Venality is a vice associated with being bribeable or willing to sell one's services or power, especially when people are intended to act in a decent way instead. In its most recognizable form, venality causes people to lie and steal for their own personal advantage, and is related to bribery and nepotism, among other vices.
Though not in line with dictionary definitions of the term, modern writers often use it to connote vices only tangentially related to bribery or self-interest, such as cruelty, selfishness, and general dishonesty.

Context 
Venality in its mild form is a vice notable especially among those with government or military careers. For example, the Ancien Régime in France from the 1500s through the late 1700s, was notorious for the venality of many government officials. In these fields, one is ideally supposed to act with justice and honor and not accept bribes. That ensures that the organization is not susceptible to manipulation by self-interested parties.

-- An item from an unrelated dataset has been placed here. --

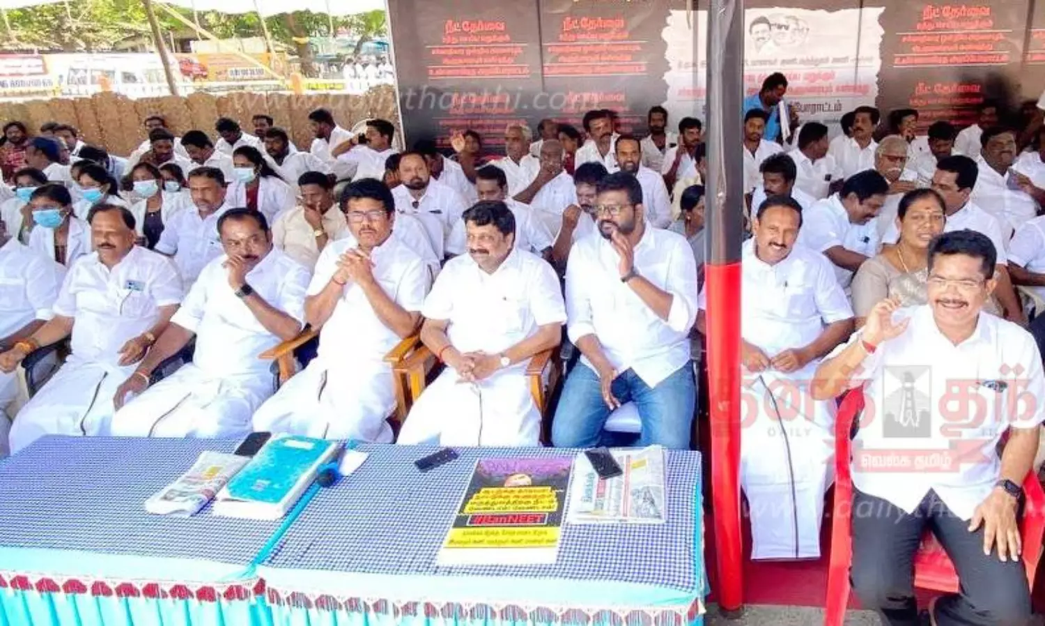 மாணவர்களை சிதைக்கும் உயிர் கொல்லியான நீட் தேர்வில் இருந்து விளக்கைப் பெற்றே தீருவோம் என இளைஞர் நலன் மற்றும் விளையாட்டு துறை அமைச்சர் உதயநிதி ஸ்டாலின் கூறியுள்ளார். அதற்கான முயற்சியின் ஒரு பகுதியாகவே இன்று உண்ணாவிரத போராட்டம் நடைபெற்றது.

In contrast to the previous interpretation, dishonesty is not specifically expressed in the literal meaning, but is often implied. The condition of failing to act justly is not a literal component of the word's meaning either. By definition, committing "venal" acts does not indicate "stealing" or "lying", but rather suggests a consensual arrangement, perhaps without conscience or regard for consequences, but is not synonymous with stealing. While bribery could be related, nepotism clearly has no literal similarity or correlation with venality. Though venality is generally used as a pejorative term, an individual or entity could be venal (or mercenary) and not be corrupt or unethical. One could perform one's duties or job in a perfunctory manner in order to collect a wage or payment, or prostitute one's time or skills for monetary or material gain, without necessarily being dishonest.

Much contemporary use of the words venal or venality is applied to modern professional athletes, particularly baseball, basketball, American football, and soccer players all around the world. The implication being that the highly paid players are essentially "hired guns" with no allegiance to any team or city, and are motivated solely by the acquisition of material wealth.

In revolution and other moral panics 

For people to accept settlements and legislation, the acts of the government must be seen as just. This perception enhances the legitimacy of the government. Venality is a term often used with reference to pre-revolutionary France, where it describes the then-widespread practice of selling administrative positions within the government to the highest bidder, especially regarding the Nobles of the Robe.

Thus, for example, venality was a charge for which, in part, Danton and others were executed during the Reign of Terror.